Task objective :: Return, without anything added, the lines from the one containing "کارگاه دستور زبان" through the end of the entries below, exactly as written.

Data ::
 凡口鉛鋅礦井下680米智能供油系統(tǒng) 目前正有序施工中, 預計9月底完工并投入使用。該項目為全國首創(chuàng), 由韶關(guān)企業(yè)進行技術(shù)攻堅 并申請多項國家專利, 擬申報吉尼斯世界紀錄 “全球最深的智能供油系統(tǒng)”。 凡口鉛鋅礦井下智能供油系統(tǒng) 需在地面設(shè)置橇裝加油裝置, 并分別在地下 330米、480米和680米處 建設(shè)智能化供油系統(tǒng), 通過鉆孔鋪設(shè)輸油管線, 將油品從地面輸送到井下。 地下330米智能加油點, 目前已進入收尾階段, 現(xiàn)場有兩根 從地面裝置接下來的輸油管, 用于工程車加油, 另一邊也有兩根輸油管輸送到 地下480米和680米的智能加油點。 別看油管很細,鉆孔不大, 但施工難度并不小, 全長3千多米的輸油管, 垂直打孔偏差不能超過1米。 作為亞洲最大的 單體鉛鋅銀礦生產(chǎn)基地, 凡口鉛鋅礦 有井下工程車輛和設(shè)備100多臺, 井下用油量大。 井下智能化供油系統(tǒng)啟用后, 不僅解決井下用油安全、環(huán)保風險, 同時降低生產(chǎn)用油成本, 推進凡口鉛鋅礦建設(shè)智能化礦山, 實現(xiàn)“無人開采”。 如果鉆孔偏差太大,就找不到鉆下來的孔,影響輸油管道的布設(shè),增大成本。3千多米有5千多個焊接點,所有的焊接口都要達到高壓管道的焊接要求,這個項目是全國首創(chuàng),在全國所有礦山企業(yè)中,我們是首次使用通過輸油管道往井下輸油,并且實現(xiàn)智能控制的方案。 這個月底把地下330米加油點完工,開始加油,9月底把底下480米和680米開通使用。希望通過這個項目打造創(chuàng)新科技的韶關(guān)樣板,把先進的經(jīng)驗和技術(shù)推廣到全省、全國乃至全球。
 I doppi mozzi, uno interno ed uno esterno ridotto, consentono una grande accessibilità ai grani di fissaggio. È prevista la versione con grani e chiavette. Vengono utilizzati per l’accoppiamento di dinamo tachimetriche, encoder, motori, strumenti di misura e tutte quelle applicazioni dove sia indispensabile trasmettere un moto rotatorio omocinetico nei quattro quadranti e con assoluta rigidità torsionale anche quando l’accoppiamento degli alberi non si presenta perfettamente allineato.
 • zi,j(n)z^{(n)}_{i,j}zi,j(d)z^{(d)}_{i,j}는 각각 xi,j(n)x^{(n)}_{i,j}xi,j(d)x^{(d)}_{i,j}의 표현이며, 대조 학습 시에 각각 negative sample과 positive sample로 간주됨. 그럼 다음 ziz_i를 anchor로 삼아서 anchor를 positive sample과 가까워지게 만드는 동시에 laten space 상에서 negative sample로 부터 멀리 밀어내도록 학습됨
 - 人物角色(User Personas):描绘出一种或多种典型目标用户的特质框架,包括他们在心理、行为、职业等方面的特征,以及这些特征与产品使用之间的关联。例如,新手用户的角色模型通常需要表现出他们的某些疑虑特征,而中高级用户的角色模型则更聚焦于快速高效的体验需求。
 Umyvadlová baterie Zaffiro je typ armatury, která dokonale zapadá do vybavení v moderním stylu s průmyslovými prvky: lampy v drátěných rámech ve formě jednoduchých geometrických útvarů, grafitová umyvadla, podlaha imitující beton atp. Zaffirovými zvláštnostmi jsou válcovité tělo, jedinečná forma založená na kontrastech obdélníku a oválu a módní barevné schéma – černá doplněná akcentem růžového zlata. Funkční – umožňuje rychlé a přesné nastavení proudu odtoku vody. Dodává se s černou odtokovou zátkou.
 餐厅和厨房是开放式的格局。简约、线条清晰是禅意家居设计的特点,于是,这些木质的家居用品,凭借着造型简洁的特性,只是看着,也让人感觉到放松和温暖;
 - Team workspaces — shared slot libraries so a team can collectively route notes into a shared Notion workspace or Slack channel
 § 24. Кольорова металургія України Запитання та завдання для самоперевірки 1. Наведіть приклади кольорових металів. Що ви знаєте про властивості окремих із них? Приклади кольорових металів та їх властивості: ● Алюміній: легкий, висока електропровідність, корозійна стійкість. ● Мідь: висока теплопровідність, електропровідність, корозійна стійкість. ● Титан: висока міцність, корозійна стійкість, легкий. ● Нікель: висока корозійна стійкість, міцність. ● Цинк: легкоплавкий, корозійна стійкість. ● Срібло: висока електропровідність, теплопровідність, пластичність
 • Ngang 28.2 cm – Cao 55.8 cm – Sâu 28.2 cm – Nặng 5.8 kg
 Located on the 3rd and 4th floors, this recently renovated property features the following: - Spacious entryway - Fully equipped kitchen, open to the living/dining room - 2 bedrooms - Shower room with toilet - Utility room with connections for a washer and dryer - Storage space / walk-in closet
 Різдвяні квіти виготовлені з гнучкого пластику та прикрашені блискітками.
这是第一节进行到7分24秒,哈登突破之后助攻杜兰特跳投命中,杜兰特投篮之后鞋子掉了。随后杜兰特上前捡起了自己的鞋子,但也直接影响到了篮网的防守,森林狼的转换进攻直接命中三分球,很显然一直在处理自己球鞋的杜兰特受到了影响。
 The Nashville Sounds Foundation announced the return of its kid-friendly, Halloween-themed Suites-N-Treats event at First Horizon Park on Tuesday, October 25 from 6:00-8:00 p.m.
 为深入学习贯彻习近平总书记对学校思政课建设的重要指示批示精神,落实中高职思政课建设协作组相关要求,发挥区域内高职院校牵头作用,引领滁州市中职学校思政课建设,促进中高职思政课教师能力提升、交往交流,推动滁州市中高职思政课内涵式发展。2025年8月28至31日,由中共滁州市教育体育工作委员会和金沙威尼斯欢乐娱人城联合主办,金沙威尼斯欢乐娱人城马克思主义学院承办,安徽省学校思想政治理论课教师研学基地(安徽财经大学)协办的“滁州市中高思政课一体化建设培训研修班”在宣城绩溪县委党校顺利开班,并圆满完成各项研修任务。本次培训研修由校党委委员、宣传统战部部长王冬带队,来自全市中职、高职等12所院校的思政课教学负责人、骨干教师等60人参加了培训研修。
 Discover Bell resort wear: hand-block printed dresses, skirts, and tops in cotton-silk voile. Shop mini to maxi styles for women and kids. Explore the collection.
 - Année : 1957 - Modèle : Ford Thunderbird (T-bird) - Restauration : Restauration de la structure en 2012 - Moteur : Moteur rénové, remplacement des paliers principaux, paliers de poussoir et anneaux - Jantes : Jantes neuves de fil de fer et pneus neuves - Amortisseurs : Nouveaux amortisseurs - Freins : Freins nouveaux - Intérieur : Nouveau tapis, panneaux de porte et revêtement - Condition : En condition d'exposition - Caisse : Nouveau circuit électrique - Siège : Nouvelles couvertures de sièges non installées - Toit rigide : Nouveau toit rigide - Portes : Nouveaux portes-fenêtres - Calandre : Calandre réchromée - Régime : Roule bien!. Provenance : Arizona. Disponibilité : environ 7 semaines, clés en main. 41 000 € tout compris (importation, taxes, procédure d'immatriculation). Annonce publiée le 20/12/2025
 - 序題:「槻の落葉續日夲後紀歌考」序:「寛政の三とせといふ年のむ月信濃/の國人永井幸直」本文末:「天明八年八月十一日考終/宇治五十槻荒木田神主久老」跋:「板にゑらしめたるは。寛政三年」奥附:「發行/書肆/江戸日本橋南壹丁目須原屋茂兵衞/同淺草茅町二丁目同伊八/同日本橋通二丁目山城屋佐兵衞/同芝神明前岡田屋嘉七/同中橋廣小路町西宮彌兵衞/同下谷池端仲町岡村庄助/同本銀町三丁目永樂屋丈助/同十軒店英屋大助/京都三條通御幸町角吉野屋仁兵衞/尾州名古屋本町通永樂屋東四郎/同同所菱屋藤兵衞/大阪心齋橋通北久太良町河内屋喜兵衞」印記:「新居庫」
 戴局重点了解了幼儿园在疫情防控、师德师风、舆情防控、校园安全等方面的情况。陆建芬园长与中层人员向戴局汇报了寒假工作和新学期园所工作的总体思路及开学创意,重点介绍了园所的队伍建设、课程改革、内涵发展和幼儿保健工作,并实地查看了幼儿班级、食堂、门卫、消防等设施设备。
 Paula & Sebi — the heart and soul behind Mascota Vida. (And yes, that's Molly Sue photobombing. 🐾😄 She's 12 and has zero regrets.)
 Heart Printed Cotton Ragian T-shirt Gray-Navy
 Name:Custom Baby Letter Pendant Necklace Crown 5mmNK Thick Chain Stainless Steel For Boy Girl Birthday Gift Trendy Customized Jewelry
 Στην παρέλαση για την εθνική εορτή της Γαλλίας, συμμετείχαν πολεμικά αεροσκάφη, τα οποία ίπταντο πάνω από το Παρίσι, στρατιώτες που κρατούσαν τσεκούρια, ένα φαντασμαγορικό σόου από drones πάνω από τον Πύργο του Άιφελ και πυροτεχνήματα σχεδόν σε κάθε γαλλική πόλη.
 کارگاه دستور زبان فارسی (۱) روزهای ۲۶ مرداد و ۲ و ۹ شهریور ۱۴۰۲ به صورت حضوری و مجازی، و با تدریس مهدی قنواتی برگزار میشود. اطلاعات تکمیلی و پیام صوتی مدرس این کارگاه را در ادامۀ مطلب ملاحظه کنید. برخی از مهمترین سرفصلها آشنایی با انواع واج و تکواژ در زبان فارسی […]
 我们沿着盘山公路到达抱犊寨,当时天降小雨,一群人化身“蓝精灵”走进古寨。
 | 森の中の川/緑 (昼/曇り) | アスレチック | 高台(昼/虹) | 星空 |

Your response ::
 کارگاه دستور زبان فارسی (۱) روزهای ۲۶ مرداد و ۲ و ۹ شهریور ۱۴۰۲ به صورت حضوری و مجازی، و با تدریس مهدی قنواتی برگزار میشود. اطلاعات تکمیلی و پیام صوتی مدرس این کارگاه را در ادامۀ مطلب ملاحظه کنید. برخی از مهمترین سرفصلها آشنایی با انواع واج و تکواژ در زبان فارسی […]
 我们沿着盘山公路到达抱犊寨,当时天降小雨,一群人化身“蓝精灵”走进古寨。
 | 森の中の川/緑 (昼/曇り) | アスレチック | 高台(昼/虹) | 星空 |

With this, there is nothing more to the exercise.